We have said that there could not have been Social-Democratic consciousness among the workers. It would have to be brought to them from without. The history of all countries shows that the working class, exclusively by its own effort, is able to develop only trade union consciousness, i.e., the conviction that it is necessary to combine in unions, fight the employers, and strive to compel the government to pass necessary labour legislation, etc.[2] The theory of socialism, however, grew out of the philosophic, historical, and economic theories elaborated by educated representatives of the propertied classes, by intellectuals. By their social status the founders of modern scientific socialism, Marx and Engels, themselves belonged to the bourgeois intelligentsia. In the very same way, in Russia, the theoretical doctrine of Social-Democracy arose altogether independently of the spontaneous growth of the working-class movement; it arose as a natural and inevitable outcome of the development of thought among the revolutionary socialist intelligentsia. In the period under discussion, the middle nineties, this doctrine not only represented the completely formulated programme of the Emancipation of Labour group, but had already won over to its side the majority of the revolutionary youth in Russia.

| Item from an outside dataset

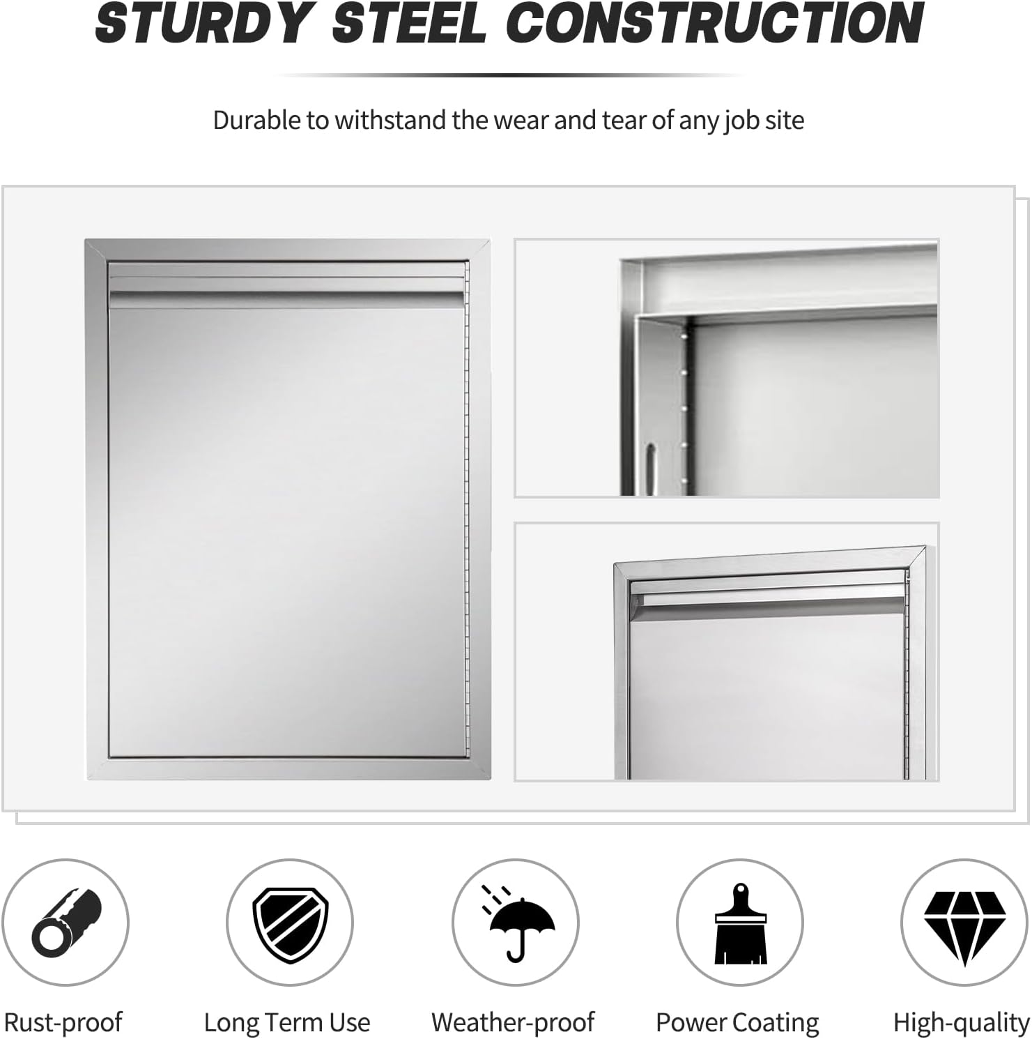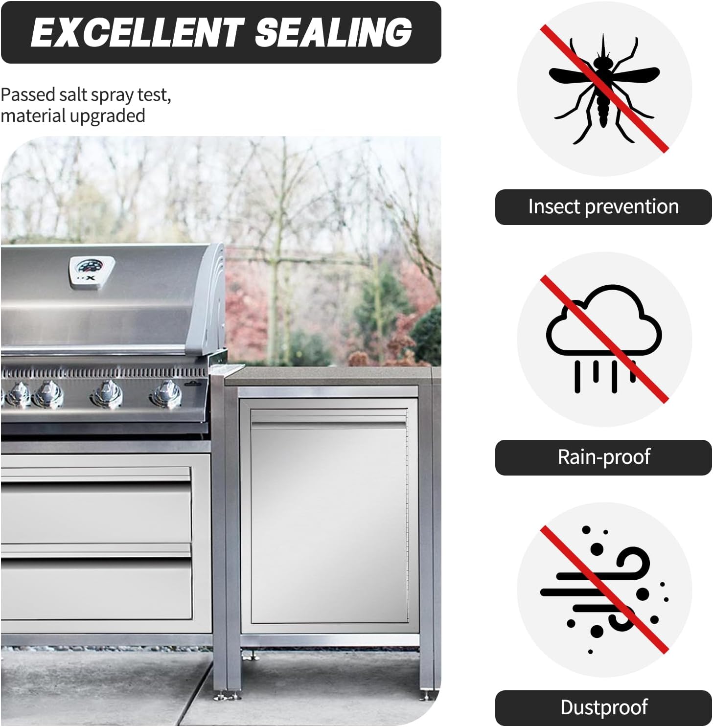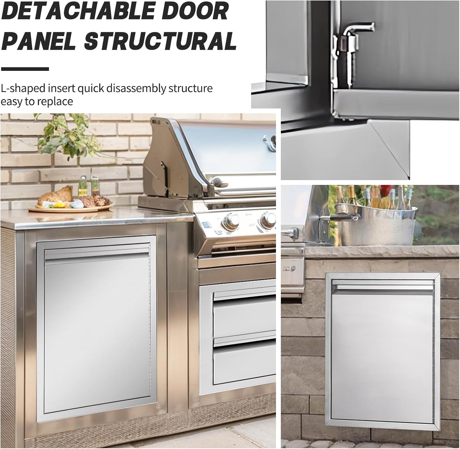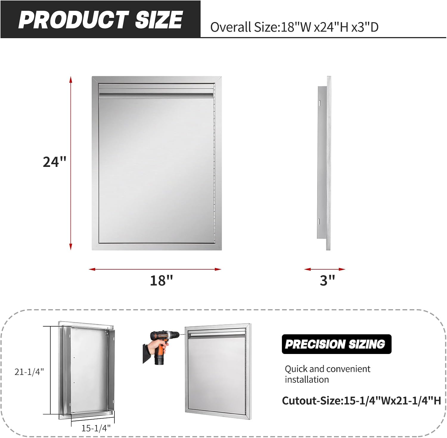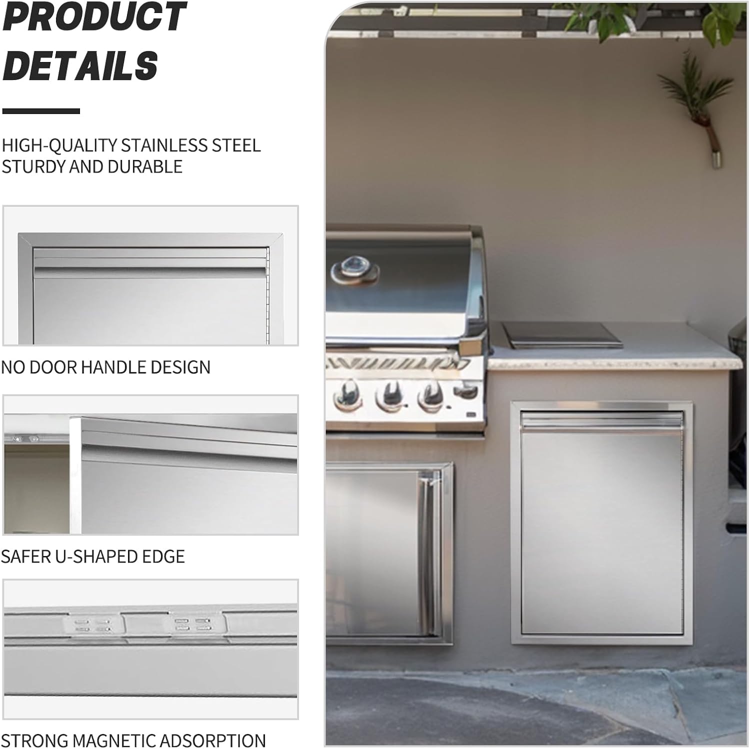 Outdoor Kitchen Single Access Door, 18W x 24H, Stainless Steel, Modern Style, Right-Opening

Hence, we had both the spontaneous awakening of the working masses, their awakening to conscious life and conscious struggle, and a revolutionary youth, armed with Social-Democratic theory and straining towards the workers. In this connection it is particularly important to state the oft-forgotten (and comparatively little-known) fact that, although the early Social-Democrats of that period zealously carried on economic agitation (being guided in this activity by the truly useful indications contained in the pamphlet On Agitation,"


So what i myself draw from all this is that the role of a revolutionary party involved in the day to day struggles of the workers and inside the unions fighting day to day against the boss's who look to push down their living standards to increase their own profits. We must be alongside workers to explain that that this doesnt have to be this way. There is an alternative and we can achieve this through agitation first and foremost awaking the workers to the task in hand.